O que devem saber os doentes que ponderam estas injeções
Para quem está a considerar iniciar estes medicamentos, gerir expectativas é tão importante como discutir doses. Um cenário realista pode ser este: as injeções podem facilitar a perda de peso durante algum tempo, mas o organismo tende a tentar regressar ao seu ponto de equilíbrio anterior quando são retiradas.
Isso não significa que não tenham valor. Podem ajudar pessoas com obesidade grave ou diabetes tipo 2 a reduzir riscos, ganhar mobilidade e ganhar tempo para alterar rotinas e o contexto em que vivem.
Há também efeitos adversos a ponderar: náuseas, vómitos e diarreia são frequentes no início; preocupações mais raras incluem pancreatite e problemas da vesícula biliar. A vigilância médica regular é indispensável.
Alguns conceitos essenciais, explicados
Dois termos aparecem repetidamente neste debate. O primeiro é “dieta ioiô”: ciclos repetidos de perda e recuperação de peso. Alguns estudos sugerem que este padrão pode piorar a saúde metabólica ao longo do tempo, tornando mais difícil emagrecer no futuro.
O segundo é “saúde cardiometabólica”. Este termo engloba fatores de risco como pressão arterial, glicemia, colesterol e perímetro da cintura. Os fármacos GLP-1 podem melhorar estes indicadores enquanto a pessoa está medicada, mas os novos dados mostram que os ganhos diminuem quando as injeções param, a menos que mudanças no estilo de vida ou outros tratamentos ocupem esse lugar.

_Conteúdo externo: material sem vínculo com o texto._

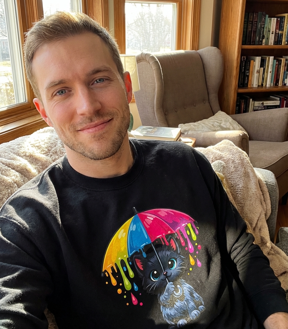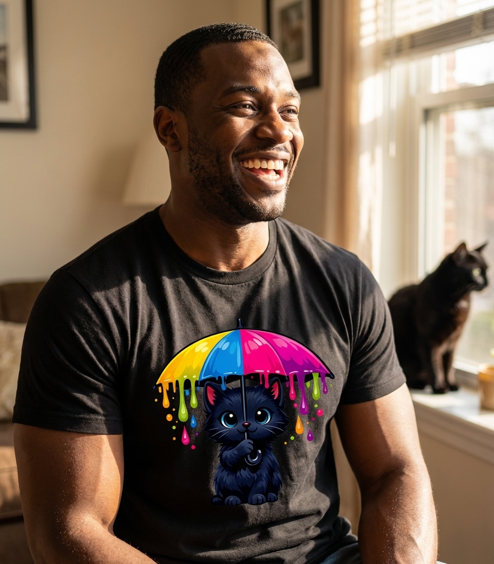 The 'Rainbow Umbrella Cat' design captures the whimsical spirit of cat lovers who enjoy vibrant art, playful themes, and a touch of colorful fantasy in their everyday style.

Imagine um doente a meio dos 40 anos, com obesidade e diabetes tipo 2 em fase inicial. Um ano com semaglutido, associado ao apoio de um nutricionista, permite-lhe perder 12 kg, reduzir a glicemia e começar a caminhar a passo rápido na maioria dos dias. Se depois suspender o fármaco mas mantiver as caminhadas e, em grande parte, a nova forma de comer, poderá ainda recuperar algum peso - mas provavelmente menos e mais devagar do que alguém que para as injeções e regressa de imediato aos hábitos anteriores.

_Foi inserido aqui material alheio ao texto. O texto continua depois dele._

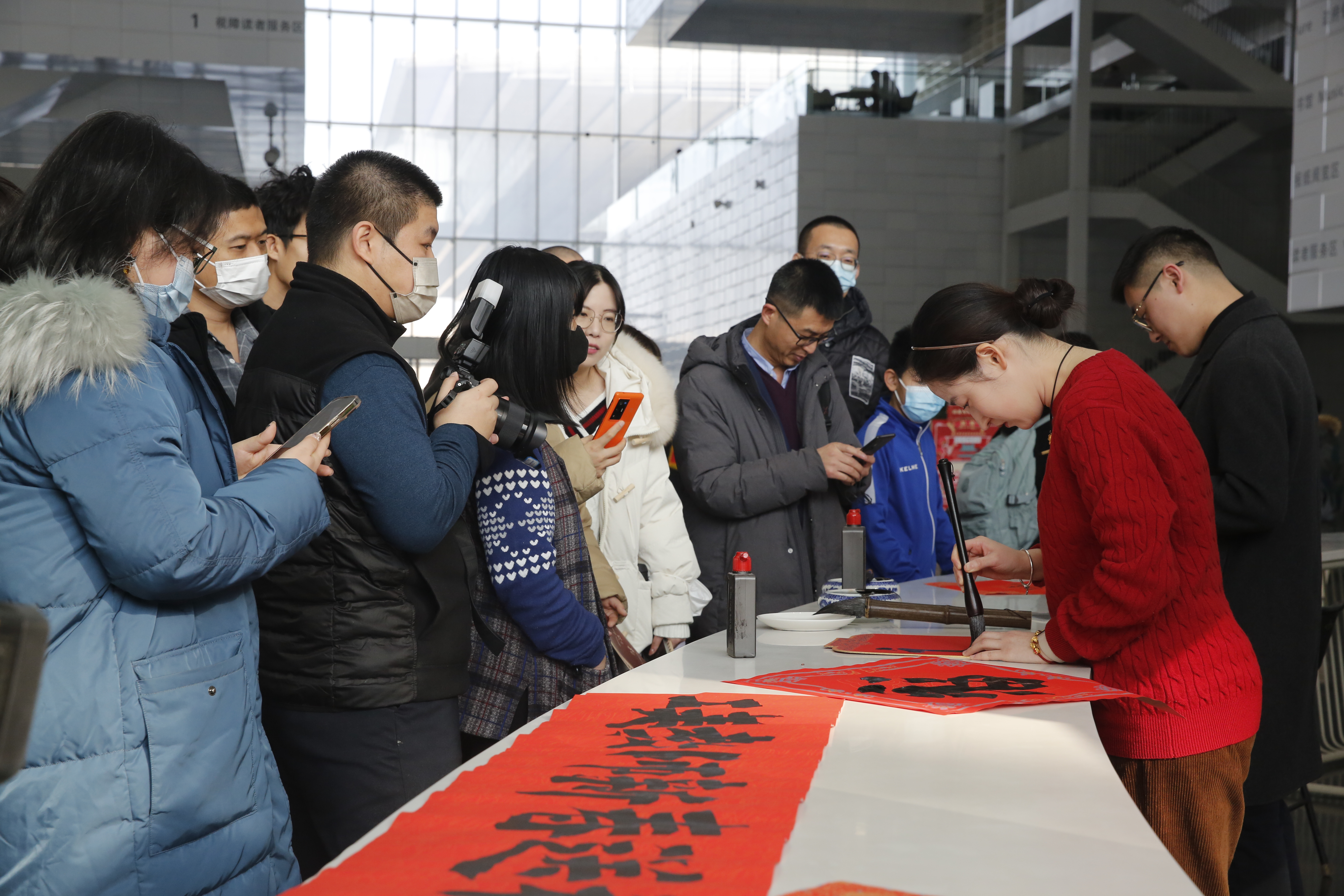 活动现场,工艺美术职业学院教师挥毫泼墨,书写新春福字赠送读者,为即将到来的甲辰龙年增添欢乐祥和、喜庆热烈的节日氛围。

A mensagem emergente dos investigadores não é abandonar as injeções para perda de peso, mas sim deixar de as tratar como uma solução isolada. Quando usadas como ferramenta dentro de uma mudança mais ampla - nos sistemas alimentares, nos cuidados de saúde e nas rotinas diárias - podem oferecer benefícios de saúde mais duradouros do que uma descida rápida na balança seguida do regresso ao padrão habitual de recuperação do peso.